Hayes's phrase, "I can get ya outta anything," is widely used among the many news reporters and journalists that Hayes represents. Hayes's representation of famed tabloid columnist Mike McAlary was depicted in the 2013 Broadway hit, Lucky Guy, starring Tom Hanks.

He has been named to Vanity Fair's International Best-Dressed List Hall of Fame. Hayes has also been featured in the 2013 book, I am Dandy by Rose Callahan and Nathaniel Adams.

==Other work==
In 2006, when Hayes published his memoir Mouthpiece: A Life in—and Sometimes Just Outside—the Law (written jointly with Susan Lehman), describing his life and law career, Wolfe wrote its introduction.

Hayes was a weekly contributor to The Sunday Supplement Show on Irish radio station Today FM until 2010.

As of 2014, Hayes is a weekly correspondent on the John Batchelor Show, where he covers topics such as crime, NYC politics, and more.

==Personal life==
Hayes married Susie Gilder, model and actress, on May 31, 1986. Their wedding was covered in Vanity Fair.
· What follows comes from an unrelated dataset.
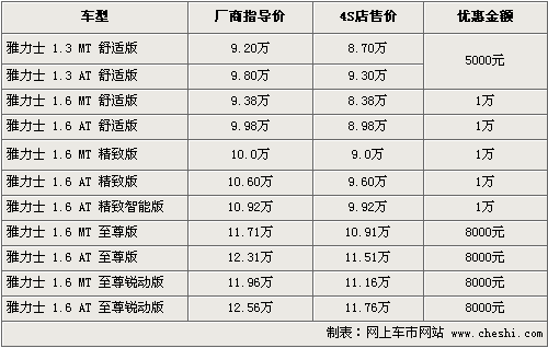 據(jù)4S店銷(xiāo)售人員介紹,目前雅力士全系車(chē)型有黑色、紫色等現(xiàn)車(chē)供應(yīng)。因?yàn)檐?chē)型較多,現(xiàn)車(chē)主要集中在1.3、1.6舒適版手動(dòng)和自動(dòng)擋車(chē)型上,其余高配車(chē)型均需要預(yù)訂。現(xiàn)金優(yōu)惠方面1.3排量?jī)煽钴?chē)可以?xún)?yōu)惠現(xiàn)金5000元,1.6精致版優(yōu)惠則達(dá)到了1萬(wàn)元,最低售價(jià)僅為8.38萬(wàn)元。至尊版車(chē)型優(yōu)惠8000元現(xiàn)金,如果消費(fèi)者到店的話(huà)還將有一部分的優(yōu)惠。
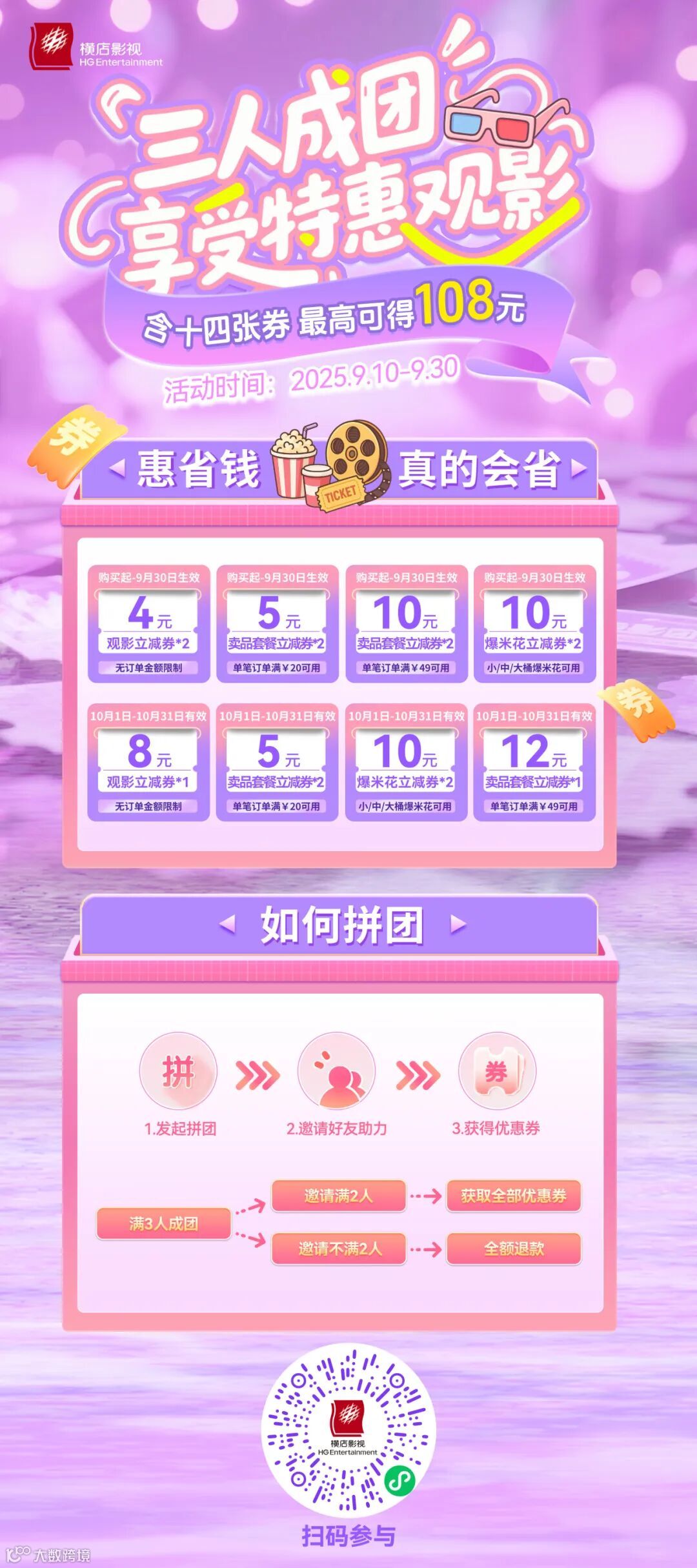 9月10日起,更推「三人成团」超值观影礼:含14张优惠券包,最高可省108元!

Hayes has struggled with psychological trauma from his abusive childhood and chronic depression for most of his life, and in his memoir, covers his efforts to treat it with therapy and eventually medication. He also abstains from drinking alcohol because of his father's alcoholism. Hayes has been motivated by his childhood trauma to help people, such as representing twenty 9/11 police widows who were having problems collecting relief money.

He has two children, a daughter named Avery and a son named John. Hayes's friend and sometimes partner, Bruce Cutler, is Avery's godfather. Avery was also featured in a Daily News article about daughters sartorially influenced by their fathers.